F22 System Wide Change: Default Local DNS Resolver

Jaroslav Reznik jreznik at redhat.com
Mon Jan 12 15:54:46 UTC 2015

= Proposed System Wide Change: Default Local DNS Resolver =

This Change was already proposed as Fedora 21 Change but moved to Fedora 22 
(and discussed as Fedora 22 Change), re-announcing it as more details were 
provided as requested by FESCo [0].

Change owner(s): P J P <pjp at fedoraproject.org>, Pavel Šimerda
<pavlix at pavlix.net>, Tomas Hozza <thozza at redhat.com>

To install a local DNS resolver trusted for the DNSSEC validation running on This must be the only name server entry in /etc/resolv.conf.

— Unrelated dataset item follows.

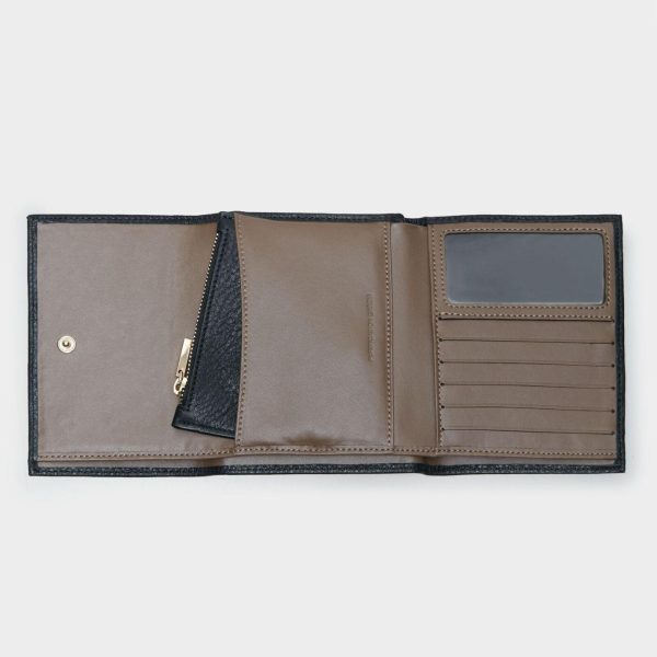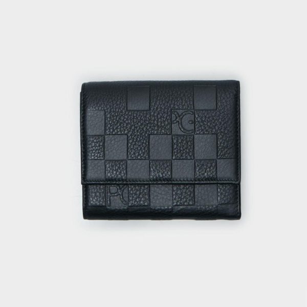 Japanese wallet in leather embossed with our PG Cubes Stamp. Snap fastening. Interior with compartments for bills, 6 card slots and a detachable zipped coin purse.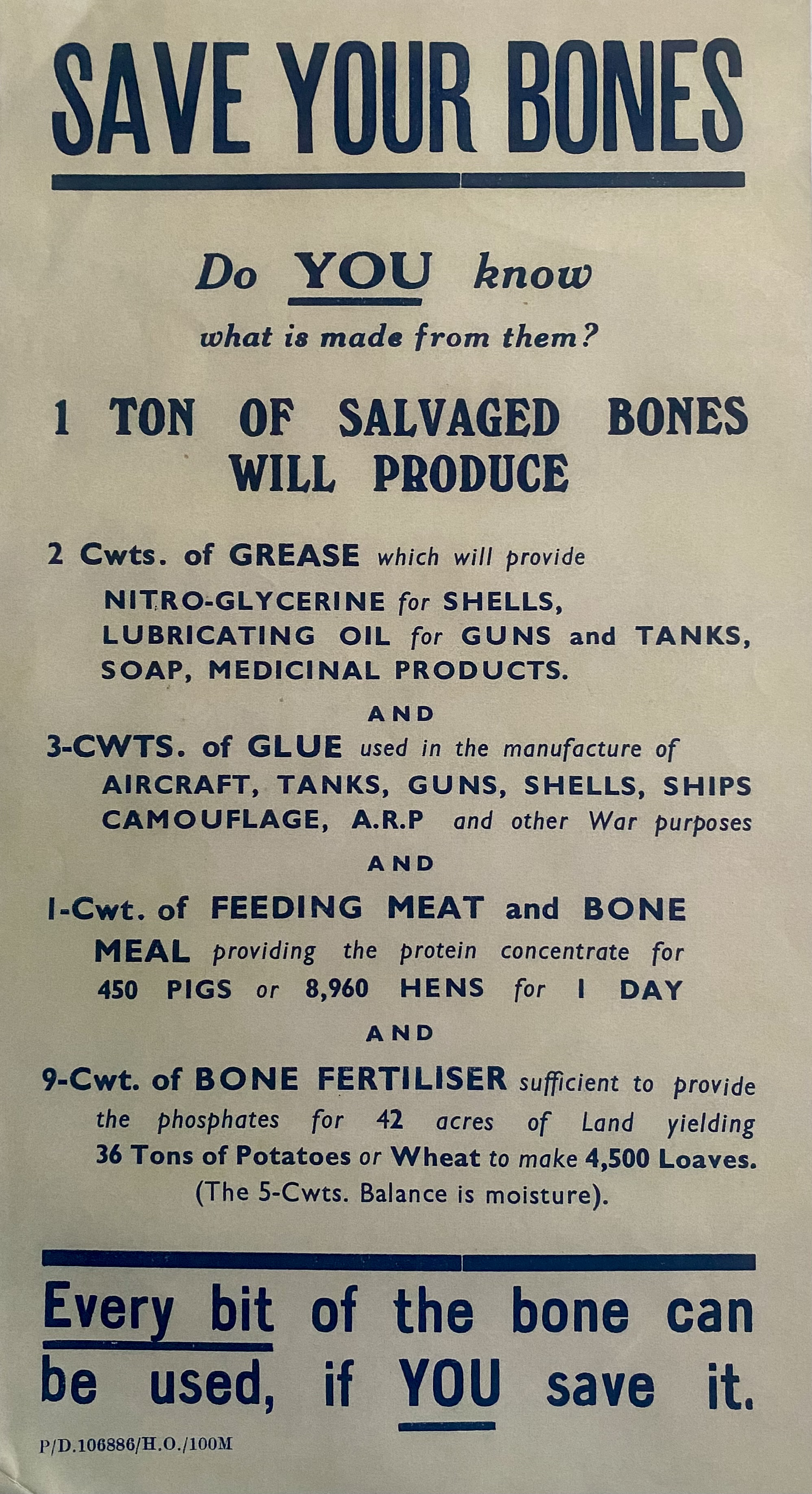 - Bones from cooking were in high demand. These were boiled down to extract glycerine, a key ingredient in explosives such as nitroglycerine. The remaining bone material could also be used to make glue or fertiliser.

The automatic name server entries received via dhcp/vpn/wireless configurations 
should be stored separately, as transitory name servers to be used by the 
trusted local resolver. In all cases, DNSSEC validation will be done locally. 

== Detailed Description ==
There are growing instances of discussions and debates about the need for a 
trusted DNSSEC validating local resolver running on There are 
multiple reasons for having such a resolver, importantly security & usability. 
Security & protection of user's privacy becomes paramount with the backdrop of 
the increasingly snooping governments and service providers world wide.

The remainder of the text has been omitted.